* ENTRIES SHOWN:
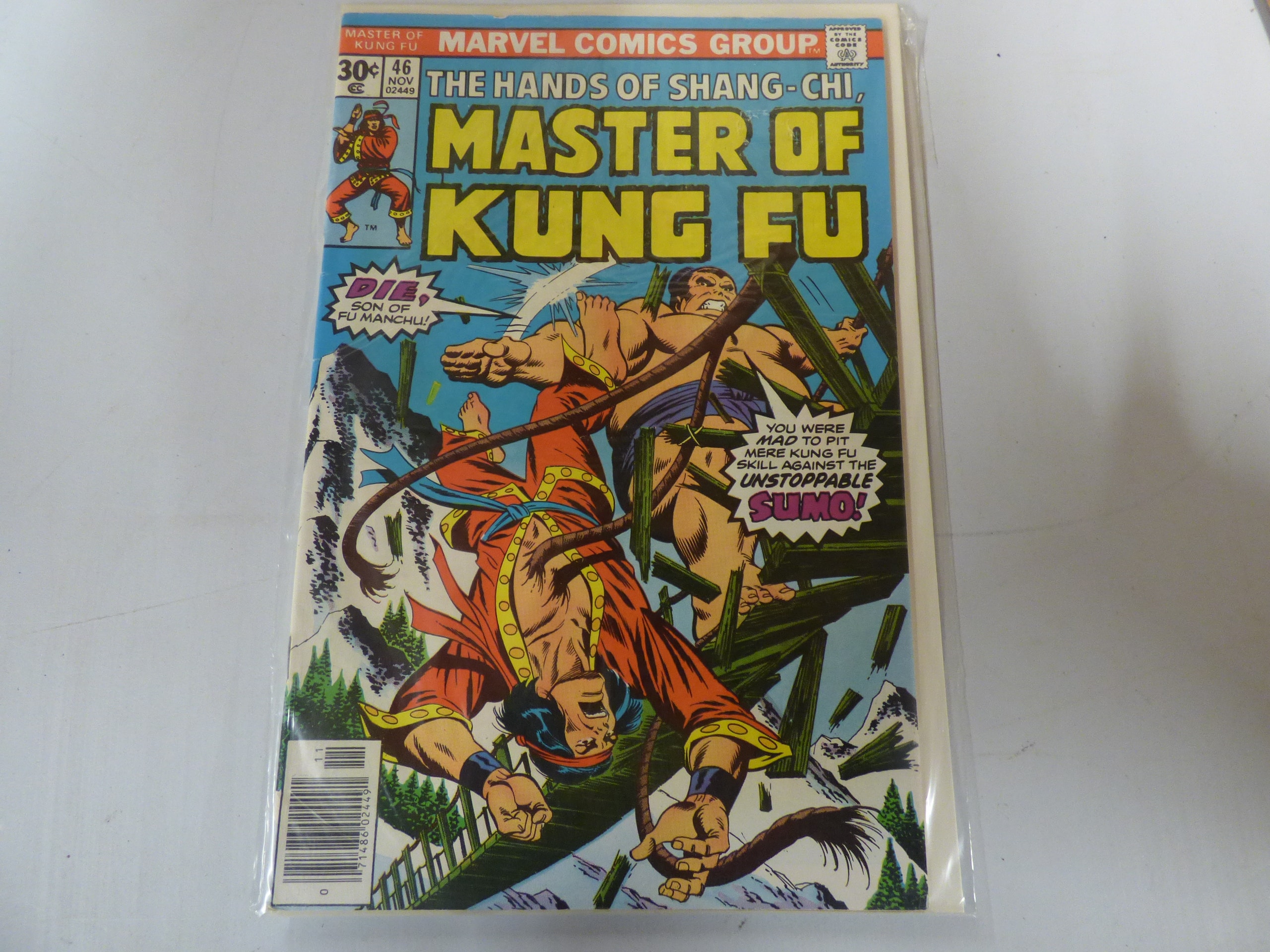 A Marvel Comics Group “Master of Kung Fu” comic book, issue #46 from November 1976, featuring Shang-Chi fighting Sumo on a blue, red, yellow, and green cover, with a 30¢ price.
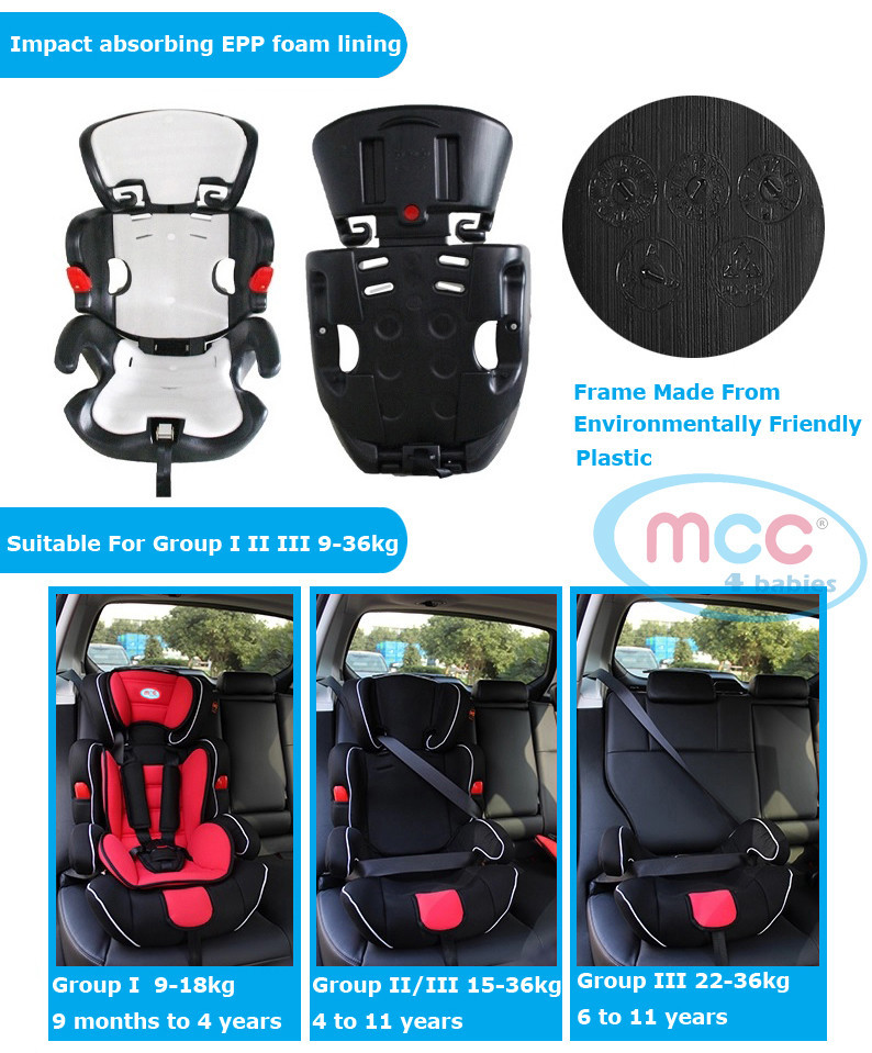- Group 1-2-3. Suitable for children from 9 months to 11 years (9kg to 36kg).
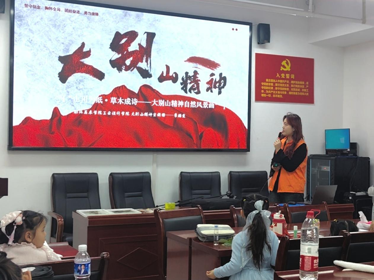在“艺颂大别山”环节,宣讲团成员李雅雯以扣人心弦的大别山红色故事为引,通过视频展示“二十八载红旗不倒”的大别山革命传奇,带领孩子们“回溯”至那段战火纷飞却又满溢热血温情的峥嵘往昔,“大小朋友”共同感悟“坚守信念、胸怀全局、团结一心、勇当前锋”的大别山精神内涵。
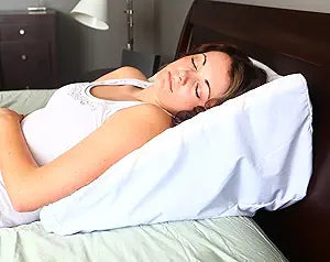 Dual Position Comfort Wedge Uniquely designed pillow supports and cradles back neck shoulders and head. Used horizontally as a bed wedge for sleeping it gently elevates the head for easier breathing. Used in the upright position vertically it provides comfort and support for sitting. Polyurethane foam with removable washable polycotton cover. White.
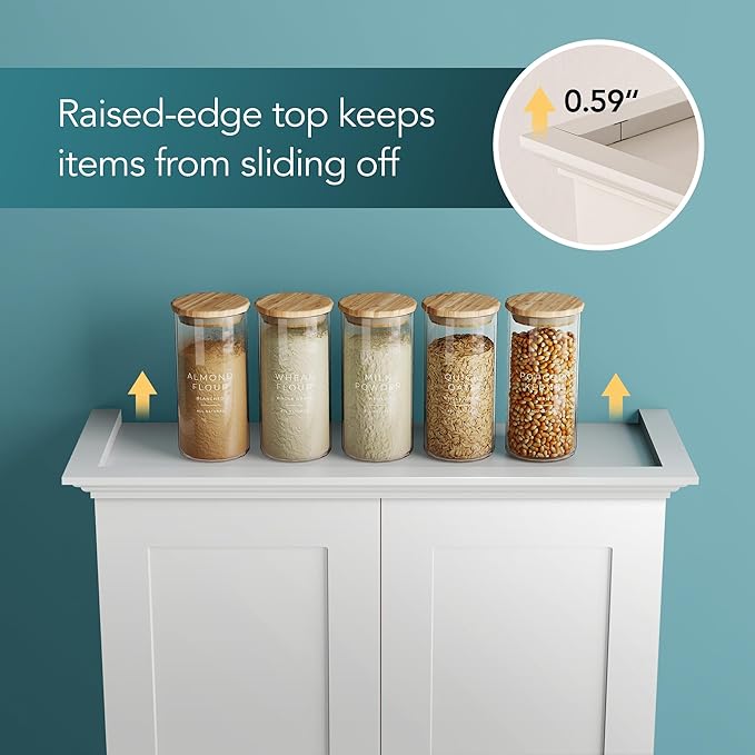 - 【Unique Top Design】The top features a recessed groove design that adds storage space and prevents items from falling off. The multi-layered lines and contours on the cabinet top enhance its stylish and premium look, breaking away from conventional aesthetics.
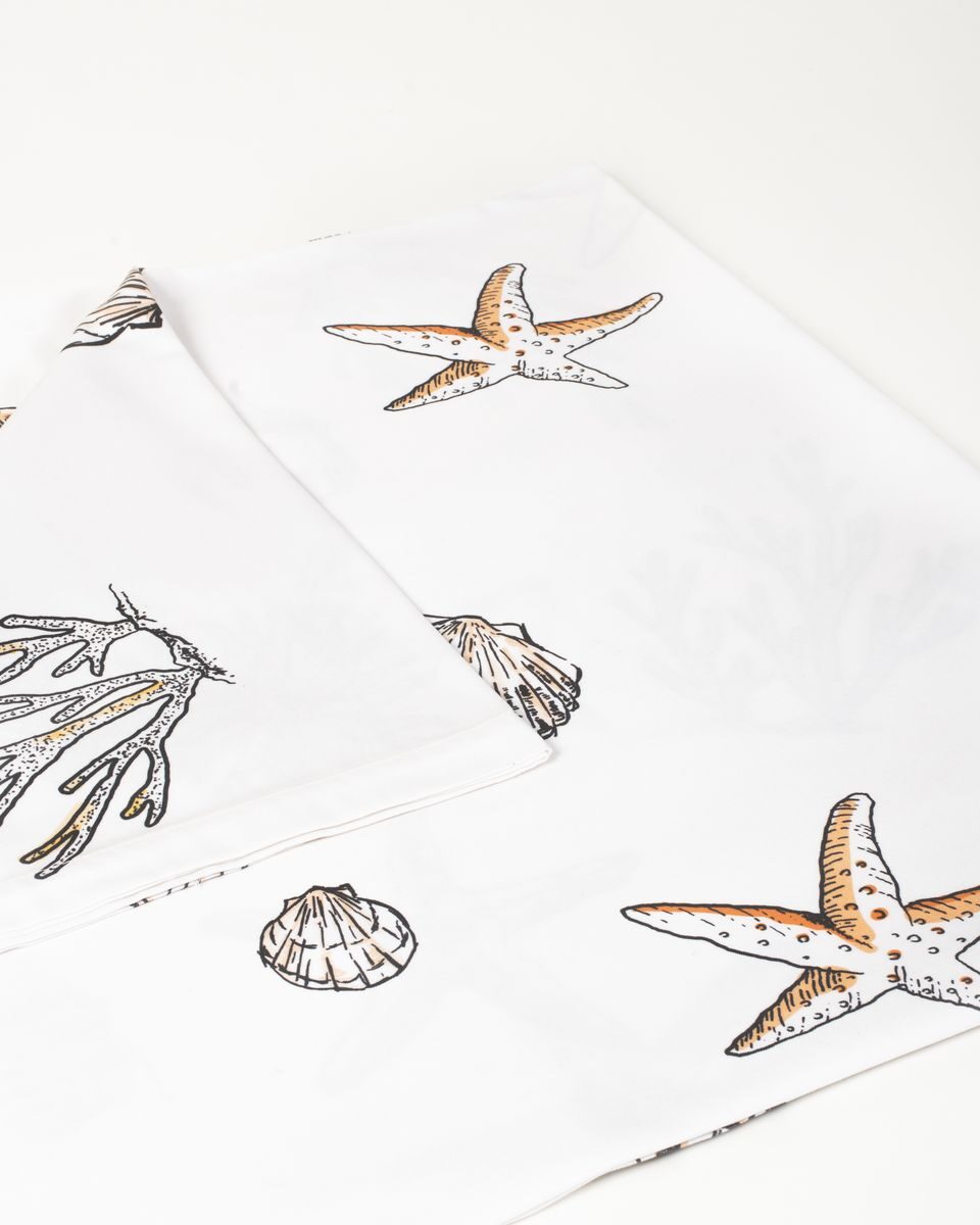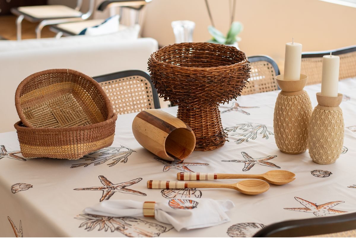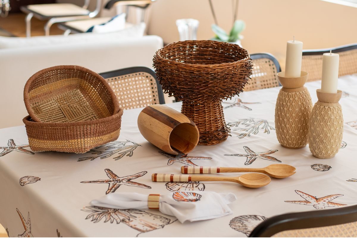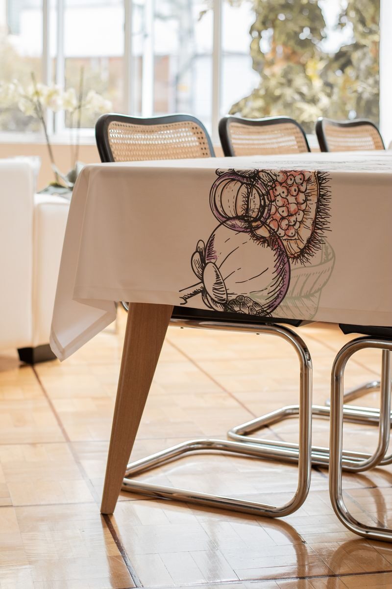 Mantel de 8 puestos confeccionado en tela de algodón que presenta tres estampados únicos inspirados en diversas regiones de Colombia. La primera sección, dedicada a la región caribe, exhibe vibrantes elementos marinos como corales, conchas y estrellas de mar, evocando la riqueza del océano. La segunda sección rinde homenaje a la región andina, con delicadas flores autóctonas como la flor de la papa, la orquídea y el totumo, reflejando la biodiversidad de las montañas. Finalmente, la tercera sección se inspira en la exuberante región amazónica, mostrando frutas exóticas como el mangostino, el achiote y el anón, que capturan la esencia de la selva tropical. Cada detalle de este mantel celebra la diversidad natural y cultural de Colombia, convirtiéndolo en una pieza única y encantadora para la mesa.
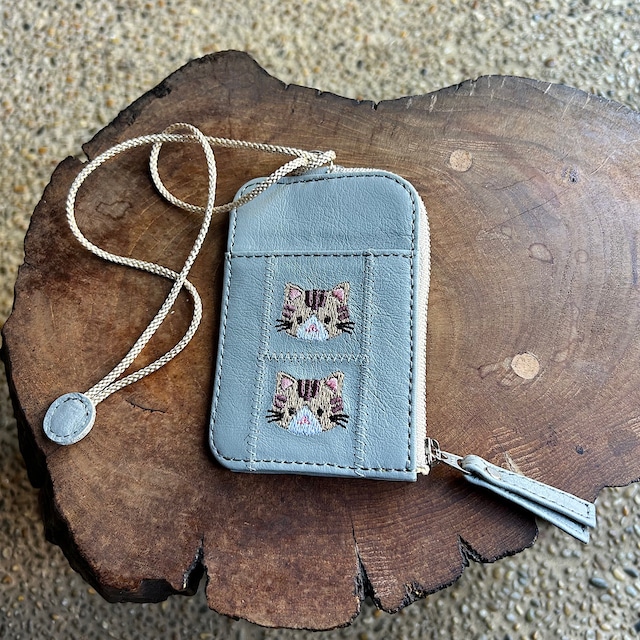 パスケース2枚用 小銭入れ付き(ライトグレーの革に茶トラ猫の刺繡)03003-51
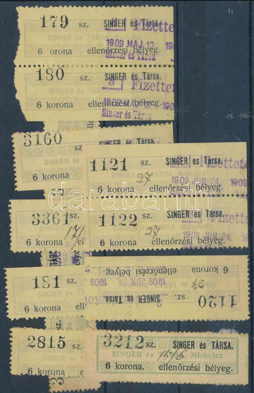 Leírás: 1909 Singer és társa ellenőrzési bélyeg 6K össz 14 db

* PROBLEM TO WORK ON:
Above are the records; print them all exactly and keep the pictures out.

* SOLUTION:
 A Marvel Comics Group “Master of Kung Fu” comic book, issue #46 from November 1976, featuring Shang-Chi fighting Sumo on a blue, red, yellow, and green cover, with a 30¢ price.
- Group 1-2-3. Suitable for children from 9 months to 11 years (9kg to 36kg).
在“艺颂大别山”环节,宣讲团成员李雅雯以扣人心弦的大别山红色故事为引,通过视频展示“二十八载红旗不倒”的大别山革命传奇,带领孩子们“回溯”至那段战火纷飞却又满溢热血温情的峥嵘往昔,“大小朋友”共同感悟“坚守信念、胸怀全局、团结一心、勇当前锋”的大别山精神内涵。
 Dual Position Comfort Wedge Uniquely designed pillow supports and cradles back neck shoulders and head. Used horizontally as a bed wedge for sleeping it gently elevates the head for easier breathing. Used in the upright position vertically it provides comfort and support for sitting. Polyurethane foam with removable washable polycotton cover. White.
 - 【Unique Top Design】The top features a recessed groove design that adds storage space and prevents items from falling off. The multi-layered lines and contours on the cabinet top enhance its stylish and premium look, breaking away from conventional aesthetics.
 Mantel de 8 puestos confeccionado en tela de algodón que presenta tres estampados únicos inspirados en diversas regiones de Colombia. La primera sección, dedicada a la región caribe, exhibe vibrantes elementos marinos como corales, conchas y estrellas de mar, evocando la riqueza del océano. La segunda sección rinde homenaje a la región andina, con delicadas flores autóctonas como la flor de la papa, la orquídea y el totumo, reflejando la biodiversidad de las montañas. Finalmente, la tercera sección se inspira en la exuberante región amazónica, mostrando frutas exóticas como el mangostino, el achiote y el anón, que capturan la esencia de la selva tropical. Cada detalle de este mantel celebra la diversidad natural y cultural de Colombia, convirtiéndolo en una pieza única y encantadora para la mesa.
 パスケース2枚用 小銭入れ付き(ライトグレーの革に茶トラ猫の刺繡)03003-51
 Leírás: 1909 Singer és társa ellenőrzési bélyeg 6K össz 14 db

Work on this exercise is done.